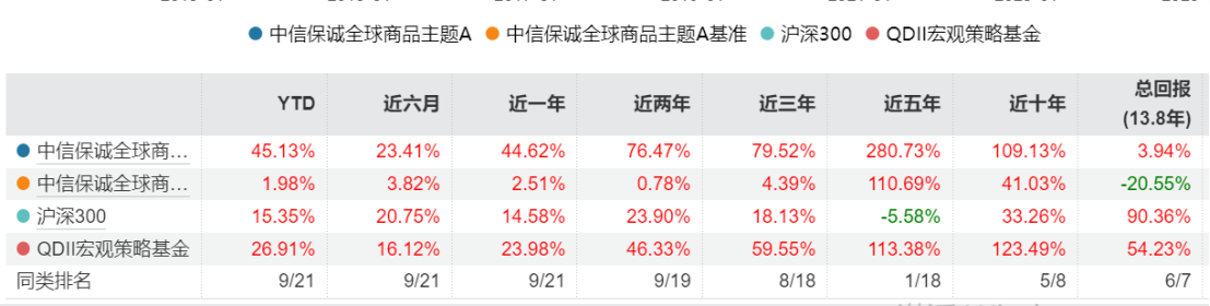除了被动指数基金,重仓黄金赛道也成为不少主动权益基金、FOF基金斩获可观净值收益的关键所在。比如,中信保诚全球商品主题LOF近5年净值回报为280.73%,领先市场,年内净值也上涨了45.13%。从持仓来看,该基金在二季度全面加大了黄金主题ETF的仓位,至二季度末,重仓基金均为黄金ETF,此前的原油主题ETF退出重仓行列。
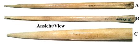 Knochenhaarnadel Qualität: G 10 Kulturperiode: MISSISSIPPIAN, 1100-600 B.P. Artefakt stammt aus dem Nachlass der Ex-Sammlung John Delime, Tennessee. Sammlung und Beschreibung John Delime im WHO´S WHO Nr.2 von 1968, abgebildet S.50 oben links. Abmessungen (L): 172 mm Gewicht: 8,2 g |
^^^^
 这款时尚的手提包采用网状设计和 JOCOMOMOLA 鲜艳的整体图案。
^^^^
> Problem to work on: In the listing above, find the line with "除了被动指数基金,重仓黄金赛" and the line with "Knochenhaarnadel Qualität: G". Set down both and every line between them, minus the pictures.

> Written solution:
除了被动指数基金,重仓黄金赛道也成为不少主动权益基金、FOF基金斩获可观净值收益的关键所在。比如,中信保诚全球商品主题LOF近5年净值回报为280.73%,领先市场,年内净值也上涨了45.13%。从持仓来看,该基金在二季度全面加大了黄金主题ETF的仓位,至二季度末,重仓基金均为黄金ETF,此前的原油主题ETF退出重仓行列。
 Knochenhaarnadel Qualität: G 10 Kulturperiode: MISSISSIPPIAN, 1100-600 B.P. Artefakt stammt aus dem Nachlass der Ex-Sammlung John Delime, Tennessee. Sammlung und Beschreibung John Delime im WHO´S WHO Nr.2 von 1968, abgebildet S.50 oben links. Abmessungen (L): 172 mm Gewicht: 8,2 g |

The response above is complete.